🎙️Marius Drenea, Co-Founder Naratix and partner at WebitFactory: The convergence of AI with integration platforms is key
Outsourcing Today, the business services industry’s integrated networking and news platform, continues its interview series with leaders shaping the future of business services and related sectors. We explore key perspectives on the year ahead, strategic priorities, and growth opportunities.
Read below the key standpoints and perspectives of Marius Drenea, Co-Founder Naratix and partner at WebitFactory:
Move Fast. Scale Smart.
AI is no longer a differentiator; it’s the baseline. What creates a real edge is how deeply and strategically you integrate it into your product and operations. AI is embedded in everything we do, from how we build and iterate to how we engage with clients. The companies that will lead are not those that simply adopt AI, but the ones that rethink their value chain around it.
🎙️What’s the biggest misconception business leaders still have about AI?
That AI is a magic button. Many leaders expect it to solve all their problems simultaneously with minimal effort. The reality is different. AI works best when applied to clearly defined problems, with proper data, realistic expectations, and a structured approach. The other misconception is that AI replaces people. It doesn’t. It amplifies what good teams can do.
🎙️Which business decisions in your company are AI-led?
We use AI across our operational layer: content, data analysis, market research, and workflow automation. A large portion of repetitive processes is handled by AI, freeing the team to focus on strategy and high-impact work. But strategic decisions like product direction, partnerships, and hiring remain human-led, informed by AI-generated insights. The goal is augmentation, not replacement.
🎙️How has AI changed what customers expect from your products or services?
Customers now expect speed, personalization, and precision. The conversation has shifted from “show me what your product does” to “show me what it does for me.” AI raised the bar, and people expect products that learn, adapt, and deliver value fast. This is a healthy shift because it forces everyone to focus on real impact rather than theoretical capabilities.
🎙️How do you stay differentiated in your market, what tools and competitive advantages do you leverage in 2026?
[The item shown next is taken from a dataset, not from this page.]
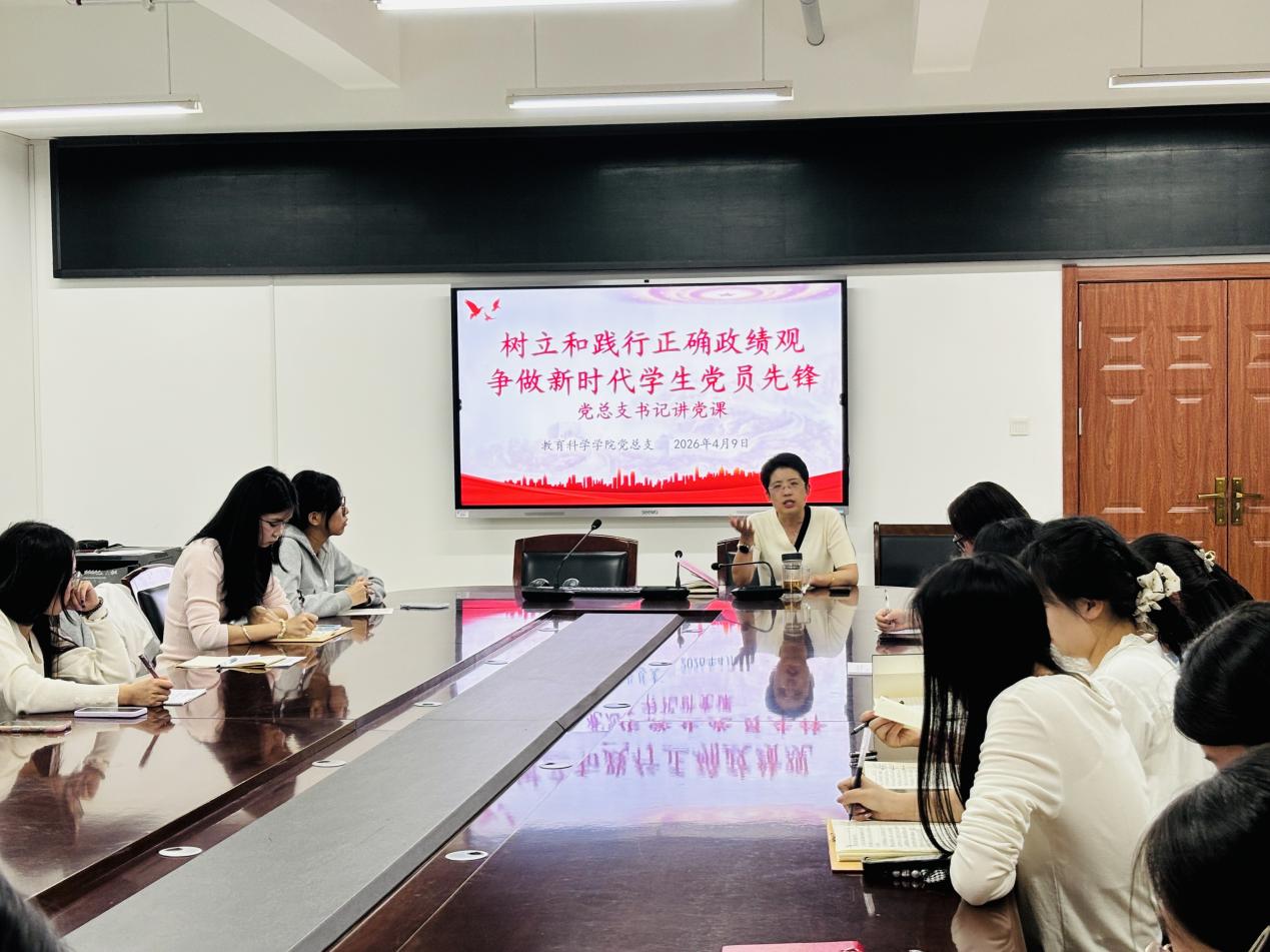 为深入推进树立和践行正确政绩观学习教育走深走实,切实强化学生党员党性修养,引导青年学子扣好人生“第一粒扣子”,2026年4月9日,教育科学学院开展党总支书记讲党课活动。党总支书记李燕以“树立和践行正确政绩观,争做新时代学生党员先锋”为题,为全体学生党员讲授专题党课。

Three things. Depth of understanding, we invest time in the real problems before writing code. Speed of execution, we test ideas fast and iterate on real feedback. And a culture of continuous learning, where every team member works with AI, so our innovation capacity is distributed, not locked in one department. In a market where everyone claims to “do AI,” the advantage belongs to those who deliver measurable results consistently.
🎙️How do you balance rapid innovation with responsible and ethical AI use?
By keeping discipline at the core. Every solution follows a structured process: clear problem definition, testing with real users, and continuous monitoring after deployment. Responsible AI is not about slowing down; it’s about building with accountability. You define clear KPIs, you create feedback loops, and you make sure every automation has a purpose. Speed with direction always outperforms speed without control.
🎙️What technology trend beyond AI should businesses be paying attention to now?
Data readiness. Everyone talks about AI, but few talk about the foundation it needs: clean, structured, accessible data. Most companies that struggle with AI don’t have a technology problem; they have a data problem. Beyond that, the convergence of AI with integration platforms is key. The real transformation happens when AI is a connected layer across your entire business ecosystem, not an isolated tool.